3.5. The using statement

There's just one last detail about the program I need to mention. Compare the output statement in the HelloWorld example in Section 2, “A First Program” with the output statements in the Area program. The HelloWorld example used System.Console.WriteLine, and the Area example used Console.Write (except for the last statement, which used Console.WriteLine).

Let me explain first about the System prefix used in HelloWorld. In C#, classes are organized into namespaces. Or, to put it another way, a namespace is a named collection of classes.

In just the same way as statements are grouped together in a method, and methods are grouped together in a class, classes are grouped together in a namespace. It's just another way to help programmers organize large programs (I told you that C# was designed to help manage big projects!). The Console class is in a namespace named System.

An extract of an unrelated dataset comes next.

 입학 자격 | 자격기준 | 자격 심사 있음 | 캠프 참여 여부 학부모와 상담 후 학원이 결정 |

When you use a class, you must tell the compiler which namespace it is located in. One way to do this is to write its fully qualified name (namespace-name - dot - class-name, as in "System.Console"). If you use the class in several statements, that can get tedious to type, and tends to clutter the program with long names. Imagine, for example, each output statement in the program above starting "System.Console.Write(...".

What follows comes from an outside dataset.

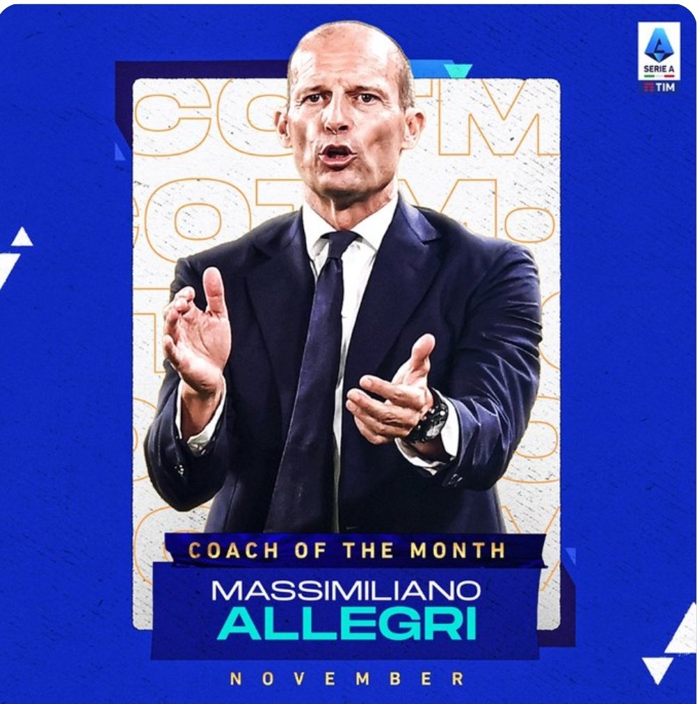 أعلن الاتحاد الايطالي لكرة القدم، فوز ماسيمليانو أليجري المدير الفني لفريق يوفنتوس بجائزة أفضل مدرب في الدوري الإيطالي، خلال شهر نوفمبر الحالي.

The C# language provides the using statement to address this issue. Here's an example of the using statement, as it appears in the Area program:

using System;

This statement allows you to use any classes defined in the System namespace in your program without having to write the namespace name each time you use the class. Instead of having to write "System.Console.Write" each time we want to use the Write() method, we only have to write "Console.Write".

Unlike most other C# statements, the using statement must be written at the beginning of your program, before you start your class definition. Take another look at the Area program to see what I mean. We'll use the using statement for most of the programs in the rest of this book, because it reduces the visual clutter of the source code, thus enhancing the readability of the code.

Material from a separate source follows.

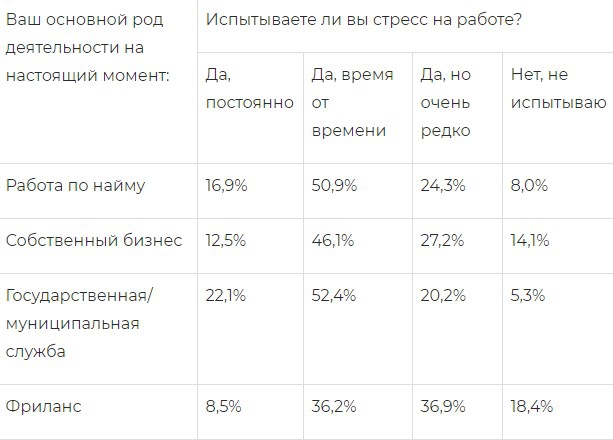 Интересно, что большинство из тех, кто испытывает стресс на работе, трудятся на госслужбе — это 22%, и только 5,3% из них не сталкиваются с нервной атмосферой на работе. Наименее подвержены стрессу фрилансеры, только 8,5% смогли уверенно сказать, что когда-либо испытывали стресс, а 18,4% не знают, что это такое.

3.6. Capitalization and Style

C# is picky about a lot of things, including capitalization. When you type the name of a namespace, class, method, or variable, you must use the same capitalization that was used when the name was defined. For example, if you try to use the method "Console.Write" but type "console.Write" or "Console.write", the compiler will report an error because you used the wrong capitalization. Also, after you define a variable with a particular capitalization, you must use the same capitalization every time you use the variable in your program. For example, if you define a variable with the name "count", and later in the program you try to use it by typing "Count = 0", the compiler will complain that "Count" is undefined. To the compiler, "count" and "Count" are two different names. In programmer lingo, we call C# a "case-sensitive" language.

To help reduce the likelihood of capitalization-related errors, the creators of C# have defined standard "style guidelines." The style guidelines state that you should use only lower-case letters for variable names, unless the name is a multi-word name, in which case you should capitalize the first letter of each word after the first, like this: countOfRedBlocks. The style guidelines also state that class and method names should always begin with an initial capital letter (ex. Console and Write). If you are consistent about following this guideline when you create your own variables, methods, and classes, you won't have as much difficulty remembering the correct capitalization to use. Also, other programmers reading your code will be able to understand it more easily if you follow the guidelines.

3.7. Recap

Assignment statements, data types, expressions, defining and using variables, method call statements -- I've introduced a lot on this section. These are all key ideas, and I suggest you review them now before forging ahead into the next section.